Despite the continuity of tape through the structure and integration of nodes and branches, the structure is considered a node-based structure since it emerges from linear elements and nodes.

The use of a single material, the tape, and a single profile throughout the entire structure provide both structural stiffnesses in the branches and flexible, adaptable, and multifunctional nodes, making the spatial configuration transformable but stiff in all positions. The tapes can be disassembled, compacted, and then reassembled in a new location without loss of material, which offers both an extended life cycle of the material and the option of always new site- and space-specific bespoke configurations. Compared to the structure, the compacted tapes occupy extremely small volumes and therefore they can be easily stored before being transferred to new sites. The spatial development of the structure, as shown in Figure 10, includes 4 nodes and 13 branches, which are based on the system of bunding and branching.

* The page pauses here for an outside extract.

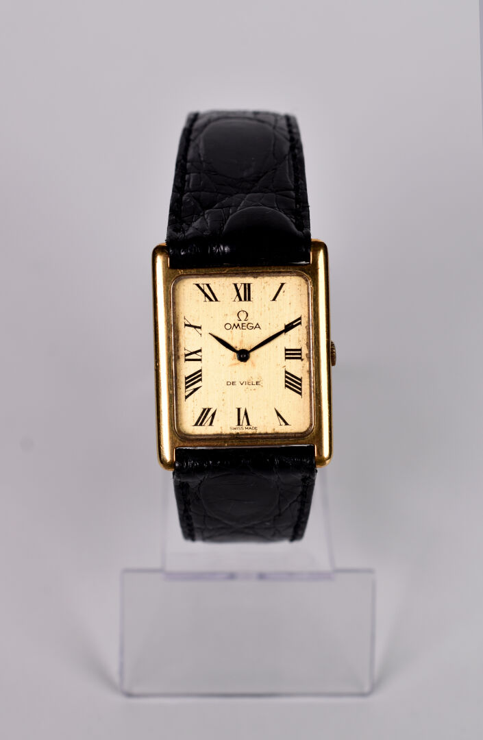 Lot n° 217 Adjugé : 350 € OMEGA DE VILLE. Montre vintage d’homme, boitier rectangle… Estimation : 250 / 400 €
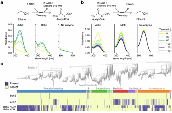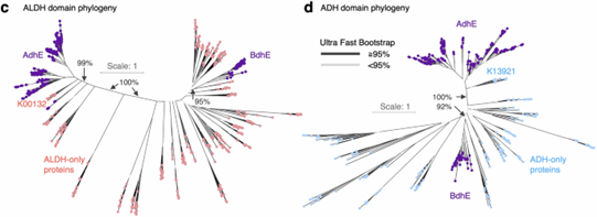 图 2. AdhE 与 BdhE 具有相似酶活性,但系统发育及生态分布不重叠

The Algorithm feeding emergent architecture with technical information

Accordingly, the reactive system was developed in order to allow designing spaces where the structures can grow according to the implemented principles by dealing with the freedoms and limitations of provided boundary conditions actively. That is the design is flexible and the structure can actively adapt its form in a process of growing by multiplying and keep branching off in interaction with its environment. The process and the design can also be limited by predefined surfaces and volumes which can be also at the same time attractor point. The final form is flexible as well as tailor-made based on the defined parameters. Accordingly, there is no randomness in the code, and all the structural properties including angles and length consequently the direction of growth are derived from a real-time interaction of the structure with its environment. Therefore, the generated speculative structure is somewhere between a mathematical fractal tree and the result of interaction with design conditions and environmental stimuli categorized into allowed, not-allowed, and target objectives, illustrated in Figure 11. In developing the diagram of stimuli, the categorized stimuli are used to employ the architectural design objectives and hypothetical conditions. As a result, the diagrams are utilized as input for the algorithm in order to generate a tailor-made outcome.

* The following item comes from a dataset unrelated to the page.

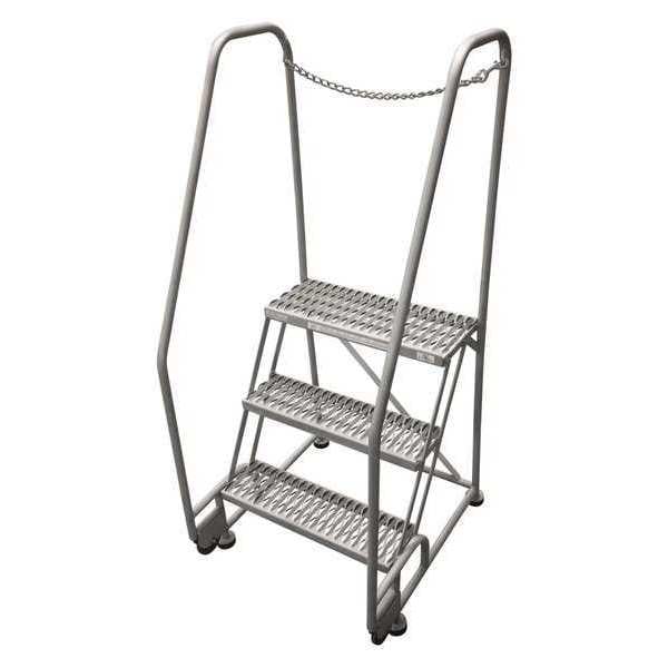 Tilt and Roll Ladder, Material Steel, Platform Height 2.5 ft, Handrails Included Yes, Handrail Height 2.5 ft, Overall Height 5 ft, Number of Steps 3, Assembled, Load Capacity 450 lb, Step Tread Serrated, Platform Depth 10 in, Platform Width 24 in, Bottom Width 28 in, Base Depth 31 in, Overall Width 28 in, Climbing Angle 59 Degrees , Step Depth 7 in, Step Width 24 in, Ladder Actuation None, Finish Powder Coated, Color Gray, Standards ANSI, CAl/OSHA Compliant, OSHA Compliant

The proposed designs are developed across different architectural scales, including an indoor pavilion emerging between walls and roofs, and a bridge whose structure is grown to support its span. The diagrams of stimuli used to generate the speculative designs are illustrated in Figure 12 and Figure 13, with the results of the designs being shown consequently.

The speculative design of floating habitable spaces: a snapshot

The “growth” of the structure was initiated by positioning four points adjacent to four trees, similar to seeds. With “growth” we mean the implementation of above-mentioned technical possibilities and restrictions, which lead to the formation of spatial, polyhedral configurations. Such possibilities and limitations include the bundling and branching of beam elements, possible nodes, and branching angles in space, the maximum standout before a conjunction with another cantilevering branch is necessary and so on. The diagram stimuli indicating the “allowed” and “not allowed” spaces and surfaces are shown in Figure 16. As designers, we define allowed spaces that limit the structure to grow.